*RECORDS SHOWN*.
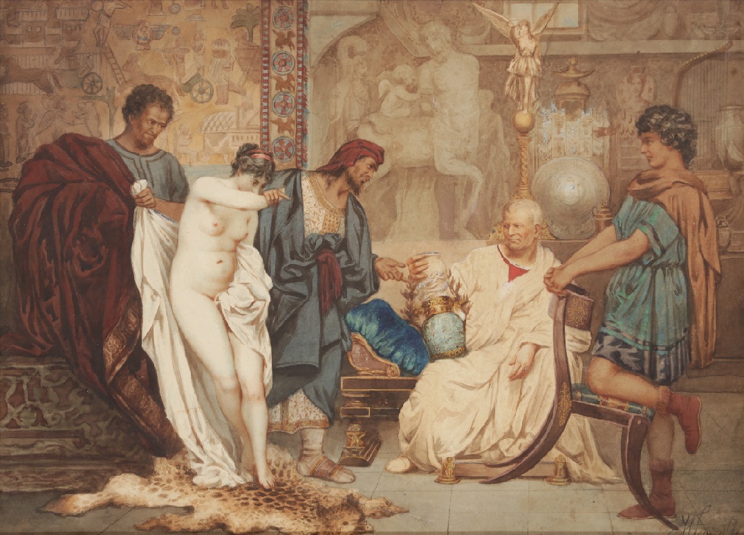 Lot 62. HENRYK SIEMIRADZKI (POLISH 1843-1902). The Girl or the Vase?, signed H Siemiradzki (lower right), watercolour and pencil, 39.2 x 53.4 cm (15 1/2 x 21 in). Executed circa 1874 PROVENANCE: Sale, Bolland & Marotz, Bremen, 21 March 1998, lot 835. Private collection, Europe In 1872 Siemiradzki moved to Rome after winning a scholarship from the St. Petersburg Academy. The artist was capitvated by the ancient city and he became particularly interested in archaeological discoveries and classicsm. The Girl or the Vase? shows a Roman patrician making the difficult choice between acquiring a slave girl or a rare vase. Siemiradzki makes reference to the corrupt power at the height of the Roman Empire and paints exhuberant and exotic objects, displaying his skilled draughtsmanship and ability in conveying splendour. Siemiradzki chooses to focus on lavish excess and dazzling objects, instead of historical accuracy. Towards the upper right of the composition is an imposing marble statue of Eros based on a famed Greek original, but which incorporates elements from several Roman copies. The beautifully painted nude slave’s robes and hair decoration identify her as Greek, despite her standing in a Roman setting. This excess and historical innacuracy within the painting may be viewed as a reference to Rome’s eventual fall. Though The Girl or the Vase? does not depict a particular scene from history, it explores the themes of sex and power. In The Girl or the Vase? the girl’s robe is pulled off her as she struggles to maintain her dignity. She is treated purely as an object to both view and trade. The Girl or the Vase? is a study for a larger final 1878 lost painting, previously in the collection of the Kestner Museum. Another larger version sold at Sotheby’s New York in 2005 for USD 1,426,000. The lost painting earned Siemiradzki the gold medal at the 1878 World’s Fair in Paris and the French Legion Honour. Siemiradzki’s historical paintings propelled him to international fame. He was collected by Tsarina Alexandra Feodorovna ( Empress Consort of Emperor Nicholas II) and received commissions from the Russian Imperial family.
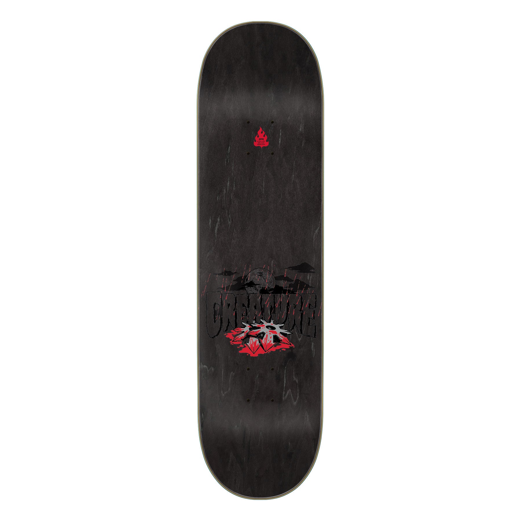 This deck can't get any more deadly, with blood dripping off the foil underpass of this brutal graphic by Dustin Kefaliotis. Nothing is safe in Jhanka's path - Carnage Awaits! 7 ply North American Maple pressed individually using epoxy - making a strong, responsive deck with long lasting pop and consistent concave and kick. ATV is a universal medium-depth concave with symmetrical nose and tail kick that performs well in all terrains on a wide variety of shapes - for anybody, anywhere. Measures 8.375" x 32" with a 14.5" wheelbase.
* * *
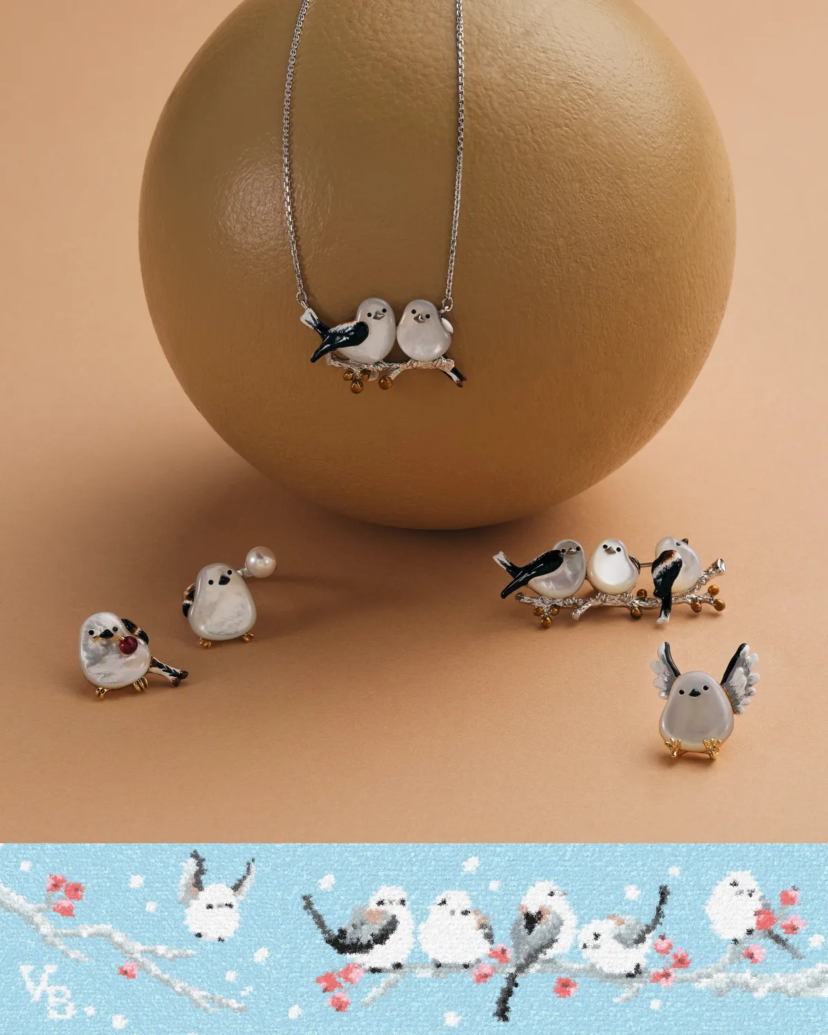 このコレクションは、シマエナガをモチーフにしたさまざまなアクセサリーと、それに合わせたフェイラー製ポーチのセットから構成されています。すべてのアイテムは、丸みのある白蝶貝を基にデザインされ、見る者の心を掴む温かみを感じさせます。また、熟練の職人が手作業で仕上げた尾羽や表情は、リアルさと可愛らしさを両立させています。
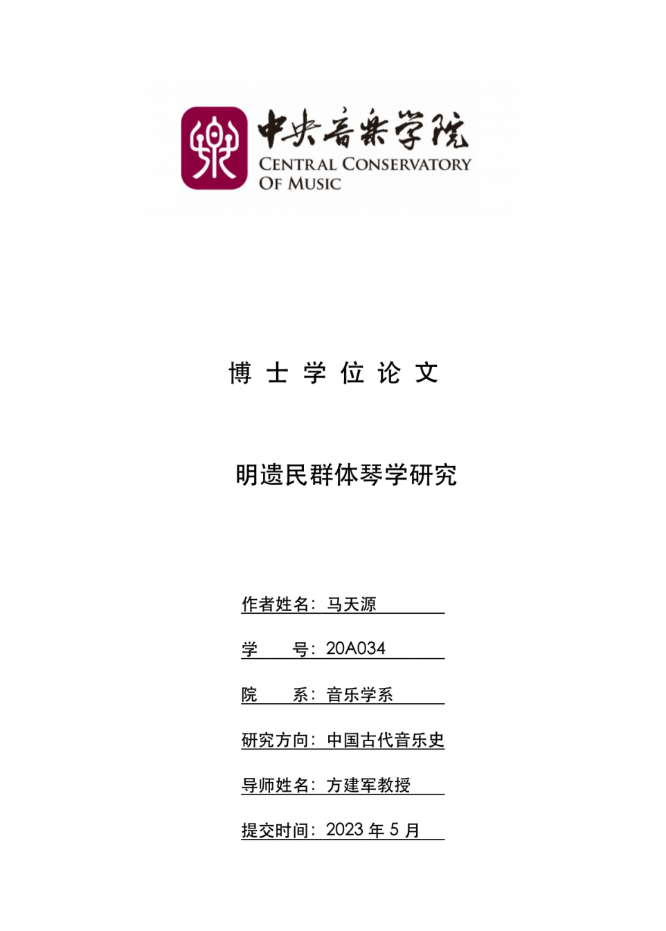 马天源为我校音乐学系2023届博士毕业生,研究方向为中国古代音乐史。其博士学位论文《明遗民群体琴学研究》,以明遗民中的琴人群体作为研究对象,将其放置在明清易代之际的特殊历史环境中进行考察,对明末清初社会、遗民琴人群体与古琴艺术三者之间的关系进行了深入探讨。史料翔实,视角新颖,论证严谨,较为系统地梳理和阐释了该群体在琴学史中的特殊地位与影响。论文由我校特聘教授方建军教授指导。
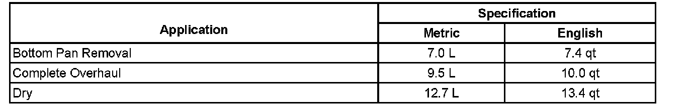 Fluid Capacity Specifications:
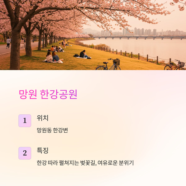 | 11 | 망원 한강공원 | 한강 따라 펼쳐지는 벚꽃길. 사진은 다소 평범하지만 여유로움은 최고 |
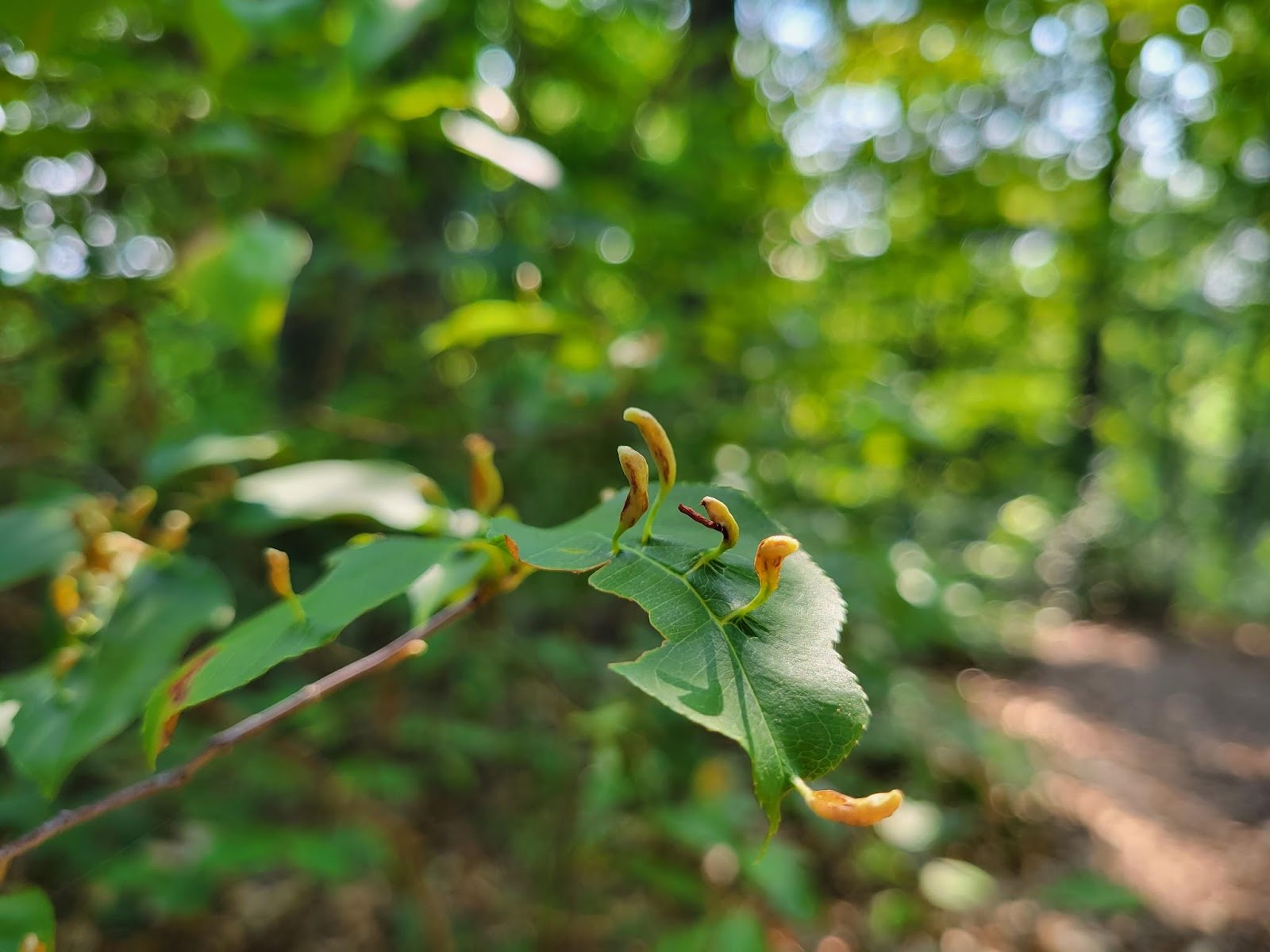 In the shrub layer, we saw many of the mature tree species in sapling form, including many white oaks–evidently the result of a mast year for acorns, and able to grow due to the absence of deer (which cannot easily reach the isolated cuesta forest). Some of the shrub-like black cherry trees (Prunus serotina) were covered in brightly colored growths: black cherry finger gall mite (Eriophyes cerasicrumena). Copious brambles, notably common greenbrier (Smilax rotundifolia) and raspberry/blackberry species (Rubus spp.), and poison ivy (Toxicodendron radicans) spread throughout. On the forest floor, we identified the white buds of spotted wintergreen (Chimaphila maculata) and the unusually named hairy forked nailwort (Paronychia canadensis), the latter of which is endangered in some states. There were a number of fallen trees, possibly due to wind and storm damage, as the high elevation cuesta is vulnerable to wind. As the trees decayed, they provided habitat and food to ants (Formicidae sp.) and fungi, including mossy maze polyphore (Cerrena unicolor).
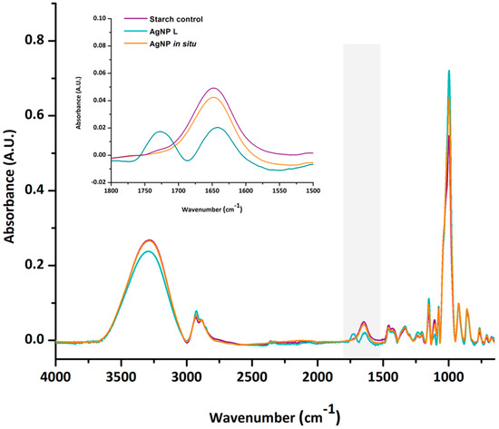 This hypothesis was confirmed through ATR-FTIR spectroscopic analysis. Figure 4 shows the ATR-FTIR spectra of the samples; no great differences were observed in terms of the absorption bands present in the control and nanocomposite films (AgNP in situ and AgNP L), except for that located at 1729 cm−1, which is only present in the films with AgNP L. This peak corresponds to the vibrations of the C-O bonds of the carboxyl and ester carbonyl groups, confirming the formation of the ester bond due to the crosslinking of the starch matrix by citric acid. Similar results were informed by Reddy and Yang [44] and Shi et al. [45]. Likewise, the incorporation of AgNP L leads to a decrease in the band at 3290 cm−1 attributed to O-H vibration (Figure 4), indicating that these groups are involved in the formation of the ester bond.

*WHAT YOU WILL DO*. Please transcribe exactly the part of the records that opens with the line containing "In the shrub" and closes with the line containing "This hypothesis was", both ends included, and leave out the pictures.

*EXPECTED ANSWER*.
 In the shrub layer, we saw many of the mature tree species in sapling form, including many white oaks–evidently the result of a mast year for acorns, and able to grow due to the absence of deer (which cannot easily reach the isolated cuesta forest). Some of the shrub-like black cherry trees (Prunus serotina) were covered in brightly colored growths: black cherry finger gall mite (Eriophyes cerasicrumena). Copious brambles, notably common greenbrier (Smilax rotundifolia) and raspberry/blackberry species (Rubus spp.), and poison ivy (Toxicodendron radicans) spread throughout. On the forest floor, we identified the white buds of spotted wintergreen (Chimaphila maculata) and the unusually named hairy forked nailwort (Paronychia canadensis), the latter of which is endangered in some states. There were a number of fallen trees, possibly due to wind and storm damage, as the high elevation cuesta is vulnerable to wind. As the trees decayed, they provided habitat and food to ants (Formicidae sp.) and fungi, including mossy maze polyphore (Cerrena unicolor).
 This hypothesis was confirmed through ATR-FTIR spectroscopic analysis. Figure 4 shows the ATR-FTIR spectra of the samples; no great differences were observed in terms of the absorption bands present in the control and nanocomposite films (AgNP in situ and AgNP L), except for that located at 1729 cm−1, which is only present in the films with AgNP L. This peak corresponds to the vibrations of the C-O bonds of the carboxyl and ester carbonyl groups, confirming the formation of the ester bond due to the crosslinking of the starch matrix by citric acid. Similar results were informed by Reddy and Yang [44] and Shi et al. [45]. Likewise, the incorporation of AgNP L leads to a decrease in the band at 3290 cm−1 attributed to O-H vibration (Figure 4), indicating that these groups are involved in the formation of the ester bond.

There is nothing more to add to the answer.